I'm considering butcher block with a marble insert on the end where the mixer is for bread making. But all marble, nope.


----------



## Just Cooking (Apr 4, 2018)

PrincessFiona60 said:


> I'm considering butcher block with a marble insert on the end where the mixer is for bread making. But all marble, nope.


+1....  

Ross


----------



## dragnlaw (Apr 4, 2018)

I have also wished for an area to have a large marble section.  I didn't realize it was good for breads or pies.  I was thinking chocolate and candy making.


----------



## Chef Munky (Apr 4, 2018)

Thank you Andy and CG for the links.
Have them bookmarked will read up on them as soon as I'm fully awake.

To clear up my original post, (Note to self) Don't ask questions while multitasking.It makes you look like an idiot who can't speel.

Were not going to replace the tiled counters in this kitchen.
Why fix what's not broken?

The reason why I asked, the homes were looking at to buy most of them say Granite,Marble,Quarts.It's           confusing.

Another thing is how can you tell if the counters are damaged?

Munky.


----------



## Kayelle (Apr 4, 2018)

For what it's worth, when we redid our kitchen, we replaced the tile counters with granite, and I love it. 
Frankly, any solid surface is far better than any kind of tile with grout and I would never ever have it again! The tiles aren't the problem but the grout sure is. Using a nail brush to thoroughly clean nasty grout is not my idea of fun.


----------



## RPCookin (Apr 4, 2018)

Kayelle said:


> For what it's worth, when we redid our kitchen, we replaced the tile counters with granite, and I love it.
> Frankly, *any solid surface is far better than any kind of tile with grout* and I would never ever have it again! The tiles aren't the problem but the grout sure is. Using a nail brush to thoroughly clean nasty grout is not my idea of fun.



I agree wholeheartedly.  We used Avonite when we remodeled our kitchen in SW Denver, and we had Corian installed in the house we built in the Bahamas.  I love that material - the only thing you can't do is put a hot pan on it.  In the house in Denver we also had it done with the integrated sink - seamless merge from counter to sink.  No cracks or ridges to hide anything nasty.

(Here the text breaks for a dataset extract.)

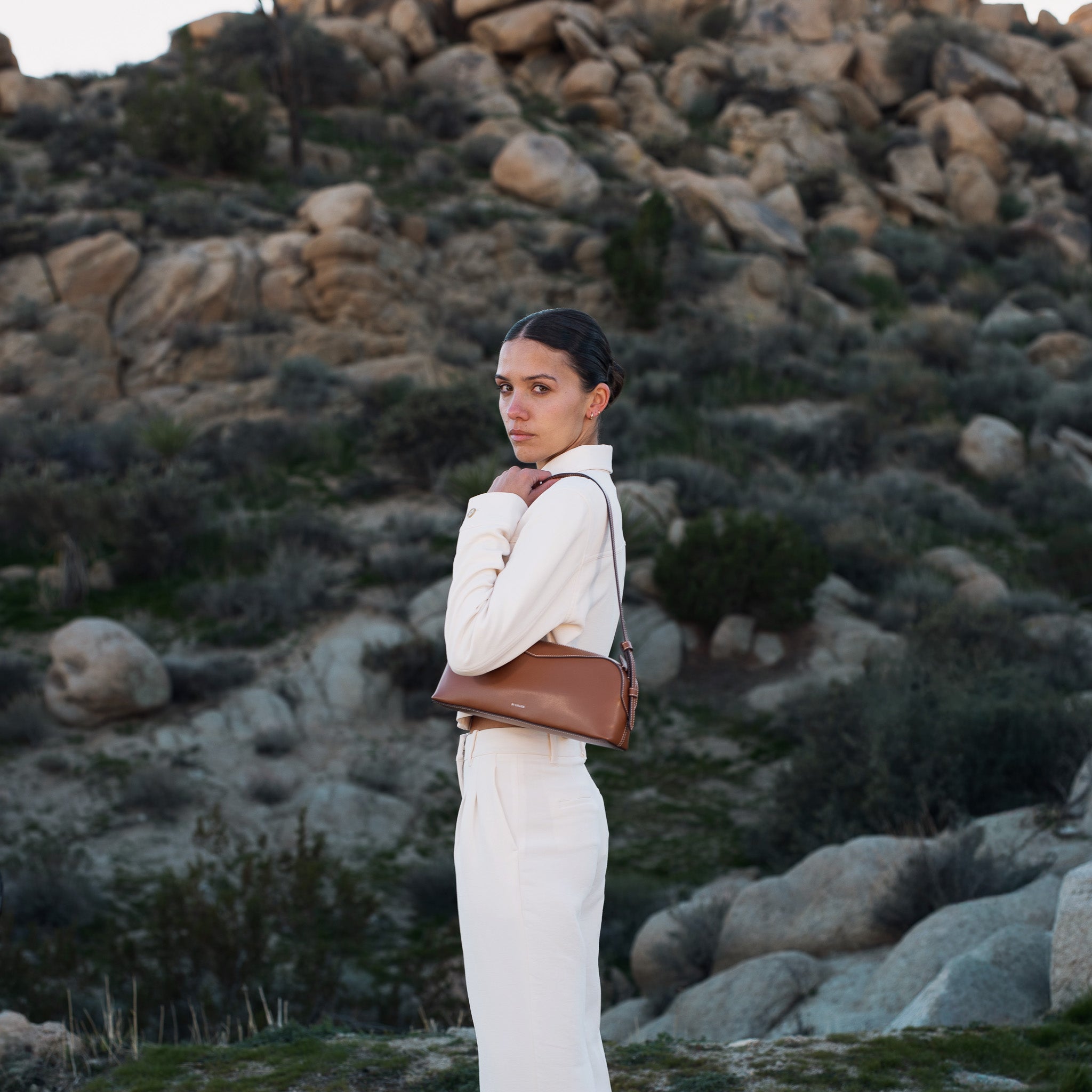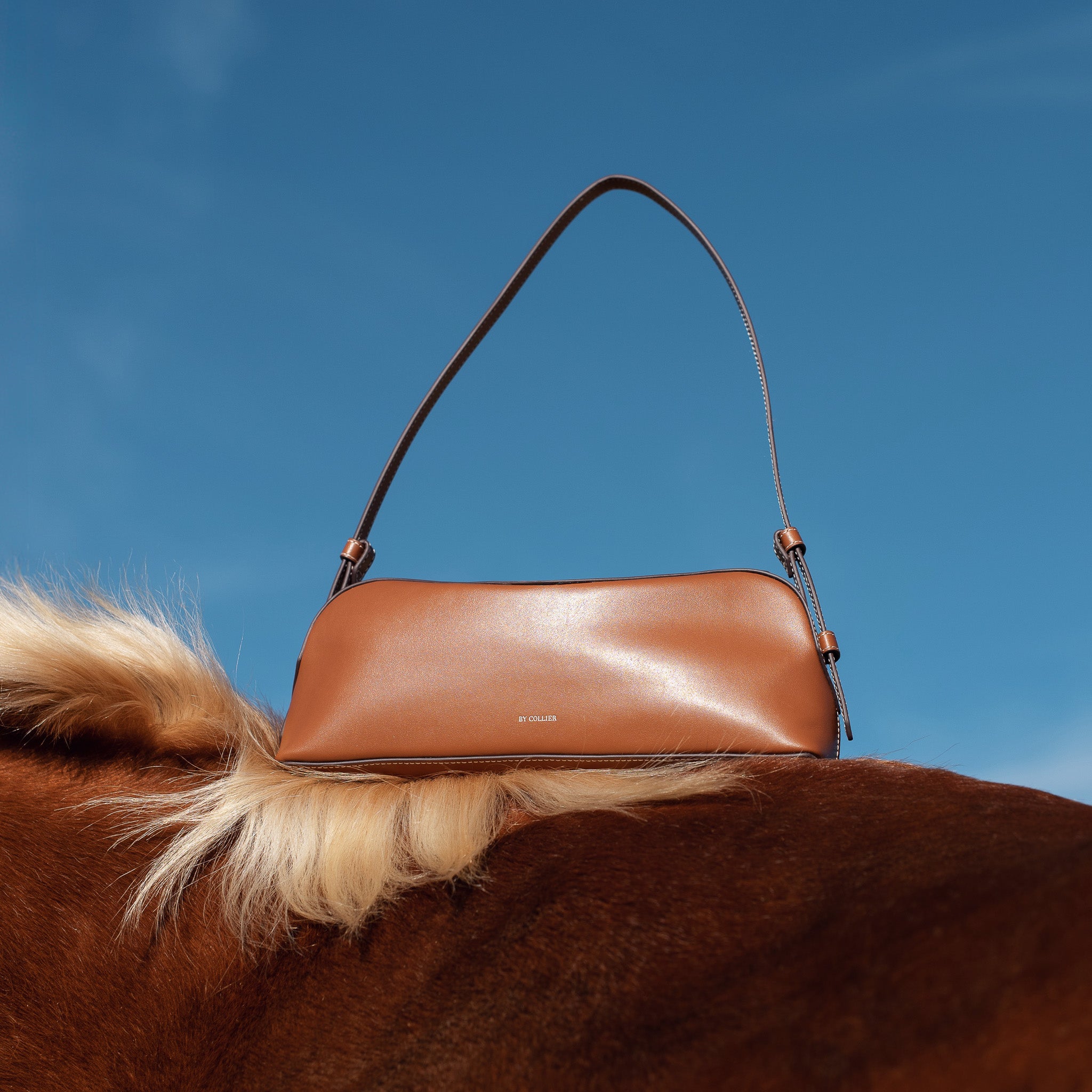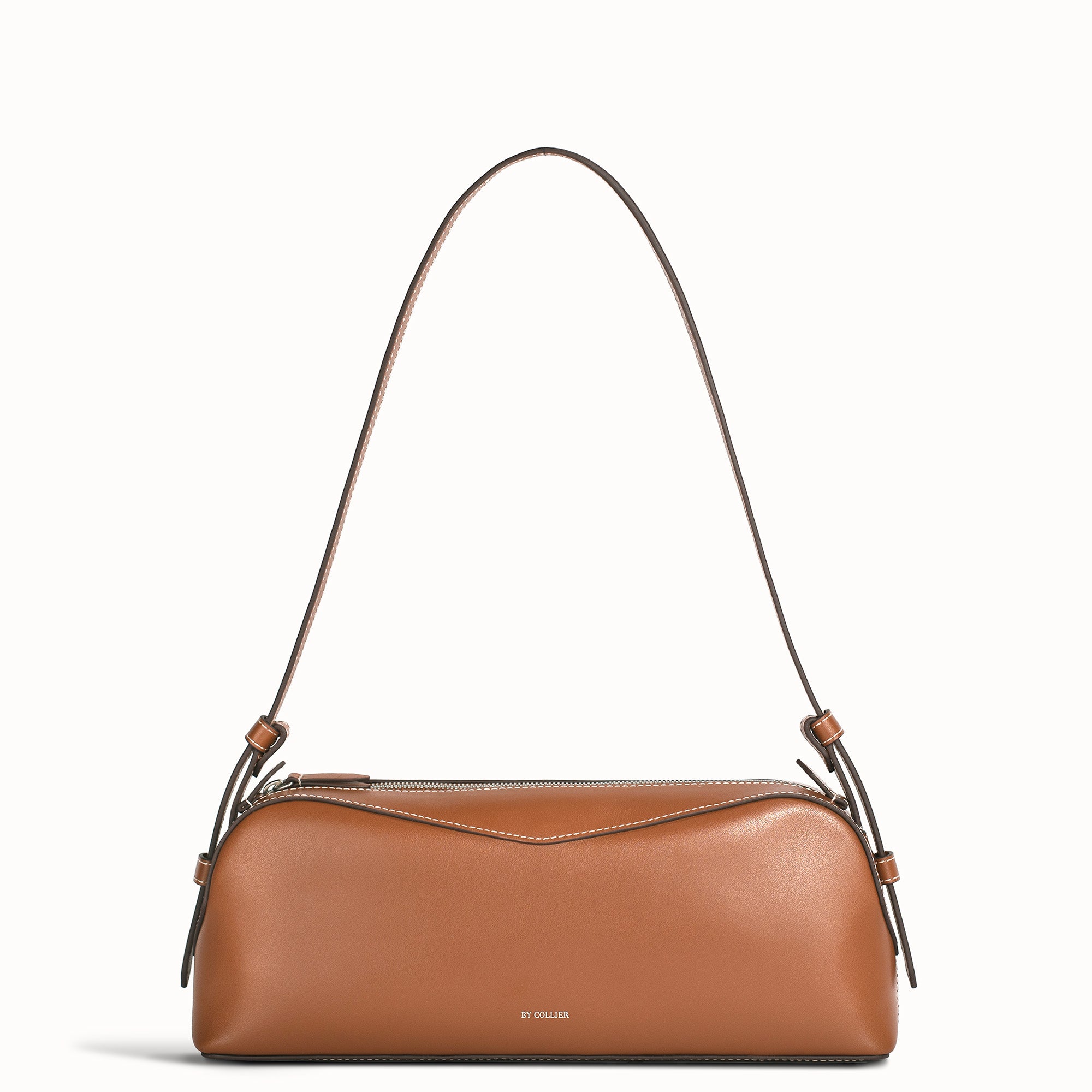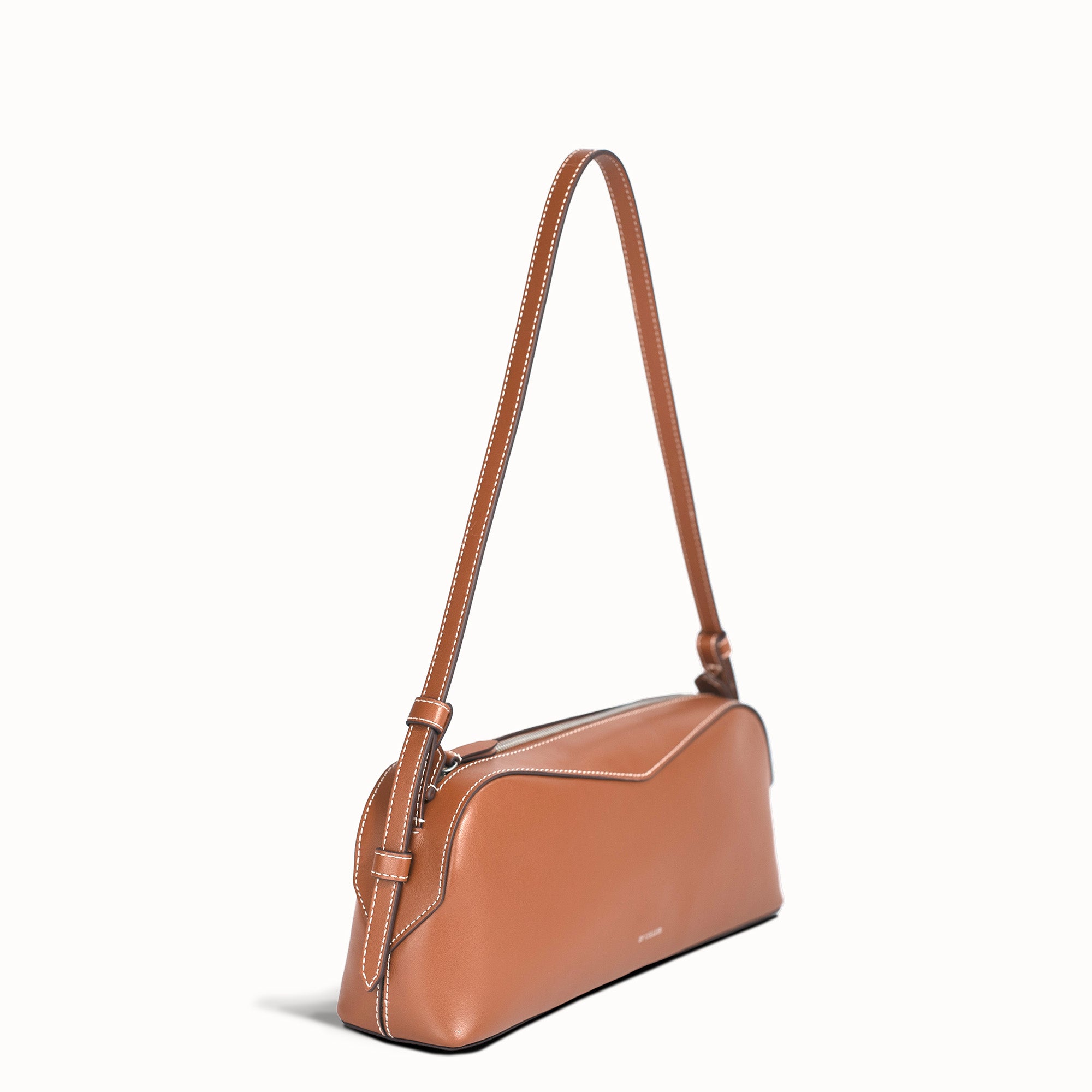A sleek, elongated east–west shoulder bag crafted from Italian leather. This statement silhouette features a decorative top panel, a zippered closure, and an interior pocket. Designed with the perfect capacity for everyday use, it easily fits a water bottle laid flat, along with your daily essentials.

Tile with grout is going to be a pain to keep looking clean... I don't think that there is a grout made that won't stain when something like wine or grape juice is spilled on it.


----------



## GotGarlic (Apr 4, 2018)

RPCookin said:


> Tile with grout is going to be a pain to keep looking clean... I don't think that there is a grout made that won't stain when something like wine or grape juice is spilled on it.



That's why we put a dark colored grout on the floor tile in the kitchen [emoji38] It's *supposed* to be that color!


----------



## GotGarlic (Apr 4, 2018)

Chef Munky said:


> The reason why I asked, the homes were looking at to buy most of them say Granite,Marble,Quarts.It's           confusing.
> 
> Another thing is how can you tell if the counters are damaged?



You could go to a kitchen design store and ask about the differences between the types of materials, and see them in the showrooms.

Heat damage to granite will be pretty obvious - it will be cracked. Same with marble, although marble can also be stained by spills and the surface can be etched by acids like vinegar and citrus juice.

We've had our granite counters for 11 years now with no problems. I love them.


----------



## Cooking Goddess (Apr 4, 2018)

Chef Munky said:


> Thank you Andy and CG for the links....


You're welcome *Munky*! Thanks for noticing...



Chef Munky said:


> ...Another thing is how can you tell if the counters are damaged?


Funny you should ask. In lieu of doing work around the house yesterday (or going to bed at a reasonable time...) I did a little reading about marble. There was a good article (which includes links to other articles - rabbit-hole warning!) on one of my favorite time-wasting sites, "*kitchn*". The writer discusses her pros and cons of having a vast amount of marble in her very busy kitchen. It's only one person's opinion, but you might be interested in it.

*My Experience of Living With Marble Countertops: One Year Later*


----------



## Kayelle (Apr 4, 2018)

Cooking Goddess said:


> You're welcome *Munky*! Thanks for noticing...
> 
> 
> Funny you should ask. In lieu of doing work around the house yesterday (or going to bed at a reasonable time...) I did a little reading about marble. There was a good article (which includes links to other articles - rabbit-hole warning!) on one of my favorite time-wasting sites, "*kitchn*". The writer discusses her pros and cons of having a vast amount of marble in her very busy kitchen. It's only one person's opinion, but you might be interested in it.
> ...



Ummmm, that was the link GG left about marble countertops. Guess you didn't notice.


----------



## GotGarlic (Apr 4, 2018)

Cooking Goddess said:


> You're welcome *Munky*! Thanks for noticing...
> 
> 
> Funny you should ask. In lieu of doing work around the house yesterday (or going to bed at a reasonable time...) I did a little reading about marble. There was a good article (which includes links to other articles - rabbit-hole warning!) on one of my favorite time-wasting sites, "*kitchn*". The writer discusses her pros and cons of having a vast amount of marble in her very busy kitchen. It's only one person's opinion, but you might be interested in it.
> ...



Speaking of noticing... I posted that link yesterday...


----------



## caseydog (Apr 4, 2018)

Hey! I found a great article on living with marble countertops...

https://www.thekitchn.com/living-with-marble-countertops-one-year-later-203189

CD


----------



## Cooking Goddess (Apr 4, 2018)

OK you three, I'm embarrassed enough! I guess it's time I got offline and did something productive. I'm no good here right now! 

_I was wondering how I happened upon that link..._


----------



## GotGarlic (Apr 4, 2018)

Kayelle said:


> Ummmm, that was the link GG left about marble countertops. Guess you didn't notice. [emoji38]


Thanks for noticing, Kayelle! [emoji38]


----------



## Cooking Goddess (Apr 4, 2018)

Alright you guys.  Enough!

Besides, that article was so good it *needed* to be posted twice.  And...maybe again. 

*My Experience of Living With Marble Countertops: One Year Later*


----------



## Just Cooking (Apr 5, 2018)

Does anyone know of a good article on marble countertops??..  

Ross


----------



## dragnlaw (Apr 5, 2018)

Yeah, I think someone posted something about marble tops somewhere - was it  Andy or Craig?  Maybe Rocklobster...  not sure..


----------